Figure 3. Ion fluxes and cell stress regulate the NLRP3 inflammasome.

K⁺ and Cl⁻ efflux, as well as Ca²⁺ mobilization, have a role in the regulation of NLRP3 (NOD-, LRR- and pyrin domain-containing 3). K⁺ efflux is either achieved directly by pore-forming toxins such as nigericin or indirectly — for example, via the purinergic receptor for ATP P2RX7. Cl⁻ and Ca²⁺ ion fluxes can be regulated during the regulatory volume decrease response by transient receptor potential receptors (TRPV2 or TRPM7). In addition, reactive oxygen species (ROS) can activate TRPM2 for Ca²⁺ influx. Ca²⁺ is also regulated by the unfolded protein response via C/EPB-homologous protein (CHOP). The unfolded protein response is also implicated in other pathways that regulate NLRP3. G-protein coupled receptors (GPCRs) such as calcium-sensing receptor (CASR) and GPRC6A regulate both Ca²⁺ levels and cyclic AMP (cAMP) levels via activation of phospholipase C (PLC) or inhibition of adenylyl cyclase, respectively.
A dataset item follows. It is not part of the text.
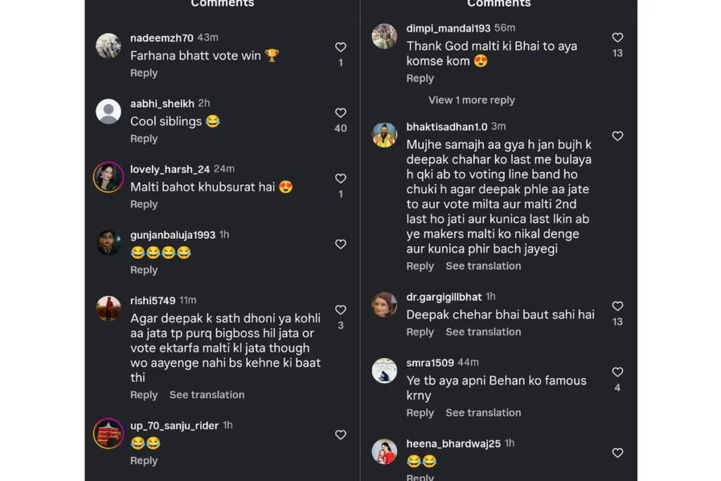 मालती चाहर के भाई दीपक चाहर को बिग बॉस 19 में देखकर एक यूजर ने लिखा, “मुझे समझ आ गया है कि जानबूझकर दीपक कर को लास्ट में बुलाया गया क्योंकि अब तो वोटिंग लाइन बंद हो चुकी है। अगर दीपक पहले आ जाते तो और वोट मिलता और मालती सेकंड लास्ट हो जाती और कुनिका निकल जाती लेकिन अब यह मेकर्स मालती को निकाल देंगे।” वहीं एक यूजर ने कहा अगर दीपक के साथ धोनी या कोहली आ जाता तो पूरा बिग बॉस हिल जाता और वोट एक तरफ मालती को जाता कुछ लोग मालती को फेमस होने के साथ विनर भी बता रहे हैं।

High cAMP levels might directly inhibit NLRP3 (not shown). Inositol-1,4,5-trisphosphate (InsP₃) that is generated by PLC leads to release of Ca²⁺ from the endoplasmic reticulum (ER). How Ca²⁺ influences NLRP3 activation is not fully understood but it has many molecular targets. Question marks show pathways that are still speculative. InsP₃R, InsP₃ receptor.